Here I want to get some data about a user from a remote system, then call another system to get his credit rating and once it is finished, I want to print the result. All of the tasks may take some time, so I do not want to block the main thread, hence the use of completable futures.

If you are not yet familiar with Java 8 syntax, () -> getUser(userId) is a lambda calling getUser method. CreditRatingService::getCreditRatingSystem1 and System.out::println are method references. Underneath, the supplyAsync method creates a task which gets the user details. The task is submitted to fork-join thread pool and when it finishes, the result is passed to the next task. When the next task finishes, its result is sent further and so on. It's quite neat and simple.

The question is, whether I should use the previous variant or this one.
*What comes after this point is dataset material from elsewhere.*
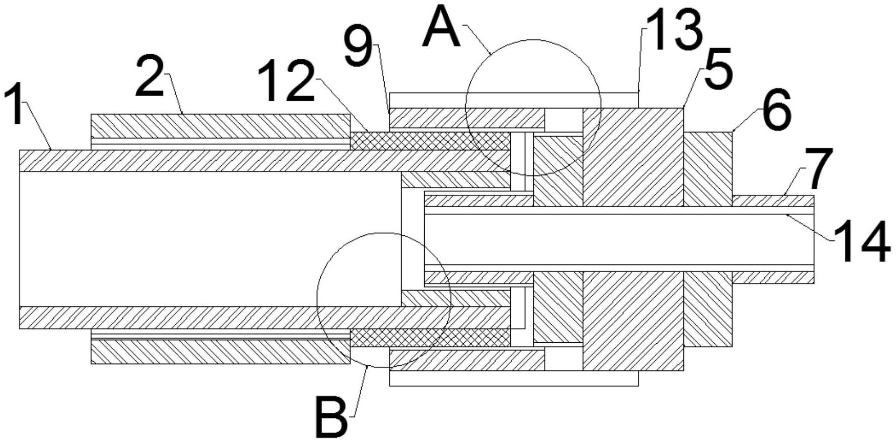 本实用新型公开了快捷改质与高效动力系统用软管,包括波纹管,所述波纹管上固定套接有橡胶套,所述橡胶套的内壁上固定套接有拉伸铜丝网套,所述波纹管上固定套接有固定铜丝网套,所述波纹管的内部固定套接有内螺纹圈,所述波纹管的末端安装有固定块,所述固定块的两侧对称安装有连接圈,所述连接圈的侧面安装有连接管,所述连接管的侧面开设有第三螺纹,所述连接管通过第三螺纹螺纹套接在内螺纹圈内。本实用新型软管的柔韧性更好,且软管连接时更加牢固稳定。

CompletableFuture.supplyAsync(() -> getUser(userId))
                .thenApplyAsync(CreditRatingService::getCreditRatingSystem1)
                .thenAcceptAsync(System.out::println);

The difference is in the async suffix on the method names. The methods without async execute their task in the same thread as the previous task. So in the first example, all getUser, getCreditRating and println are executed in the same thread. It's OK, it's still a thread from the fork-join pool, so the main thread is not blocked.

The second variant always submits the succeeding task to the pool, so each of the tasks can be handled by different thread. The result will be the same, the first variant is a bit more effective due to less thread switching overhead. It does not make any sense to use the async variant here, so what is it good for? It was not clear to me, until extended the example to download the credit rating data from two different systems.

CompletableFuture<User> user = CompletableFuture.supplyAsync(() -> getUser(userId));

CompletableFuture<CreditRating> rating1 = 
    user.thenApplyAsync(CreditRatingService::getCreditRatingSystem1);
CompletableFuture<CreditRating> rating2 = 
    user.thenApplyAsync(CreditRatingService::getCreditRatingSystem2);

rating1
    .thenCombineAsync(rating2, CreditRating::combine)
    .thenAccept(System.out::println);

Here I have two actions waiting for user details. Once the details are available, I want to get two credit ratings from two different systems. Since I want to do it in parallel, I have to use at least one async method. Without async, the code would use only one thread so both credit rating tasks would be executed serially.

I have added combine phase that waits for both credit rating tasks to complete. It's better to make this async too, but from different reason. Without async, the same thread as in rating1 would be used. But you do not want to block the thread while waiting for the rating2 task. You want to return it to the pool and get a thread only when it is needed.

When both tasks are ready, we can combine the result and print it in the same thread, so the last thenAccept is without async.

As we can see, both method variants are useful. Use async, when you need to execute more tasks in parallel or you do not want to block a thread while waiting for a task to finish. But since it is not easy to reason about such programs, I would recommend to use async everywhere. It might be little bit less effective, but the difference is negligible. For very small small price, it gives you the freedom to delegate your thinking to the machine. Just make everything async and let the fork-join framework care about the optimization.

REST Fire

Saturday, August 17th, 2013

Let me introduce you to my latest pet project – REST Fire. It's basically a thin wrapper around Apache HTTP client, providing simple DSL for REST service testing. You can test your REST APIs like this:

        fire().get()
                .to("https://www.google.com/search?q=rest-fire")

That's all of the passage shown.